Ce dimanche, nous avons peut-être assisté à la fin de l’ère Korda, et probablement d’une génération de trentenaire qui a eu du mal à évoluer, toute l’année, face à des joueuses de moins de 25 ans, dont beaucoup sont rookie. Et la Thaïlandaise Atthaya « Jeeno » Thitikul, d’être le fer de lance de cette génération de surdouées, en ayant remporté, pour la seconde année consécutive, la veste bleue qui sacre celle qui remporte la Race to CME, et le dernier tournoi de la saison.

En s’élançant, ce dimanche, avec six coups d’avance, la victoire lui était promise sans pour autant qu’elle soit automatiquement acquise. Car ses poursuivantes, Nelly Korda, Pajaree Anannarukarn et Sei Young Kim, pouvaient encore créer la surprise en signant un dernier tour très bas. Mais aussi, le parcours préparé dans sa version la plus longue de la semaine et les repères allaient obligatoirement apporter son lot de difficultés.

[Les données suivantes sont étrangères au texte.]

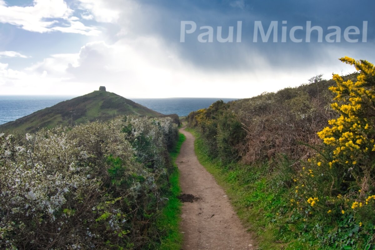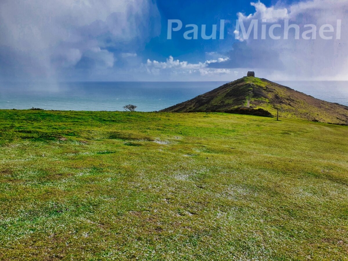 As I arrived at Rame, looking further west along the coast, I could see a massive hail storm coming my way. The temperatures dropped and it was all I could do to get my camera packed into my backpack and a waterproof cover on before the storm literally lashed out. I just had to hunker down with my back to it, but I could feel it lashing into my back.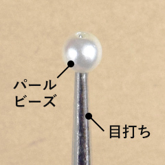 目打ちのような先が細い棒をパールビーズの穴に刺します。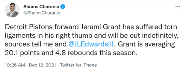 格兰特的伤停,对于活塞而言是雪上加霜。目前他们的战绩排名东部倒数第一,随着格兰特的长时间休战,活塞预计会把更多的时间留给年轻人,他们本赛季已经没有希望冲击季后赛。

Pourtant, la Thaïlandaise de 22 ans donna tout de suite le ton. Ce fut un birdie au premier trou pour passer à –23. Mais devant elle avançait deux de ses rivales, en la personne de Anannarukarn et de Sei Young Kim. La Thaïlandaise et meilleure amie de Thitikul envoya, elle aussi, un signal fort, en alignant deux birdie à la suite. Puis, sur le Par 3 du trou n°4, elle en rentra un troisième, tandis que Thitikul concéda un bogey au trou n°2. Ce dernier tour était lancé, tout comme la course pour la victoire qui pouvait encore changer de main, puisque le leader n’avait plus que trois coups d’avance.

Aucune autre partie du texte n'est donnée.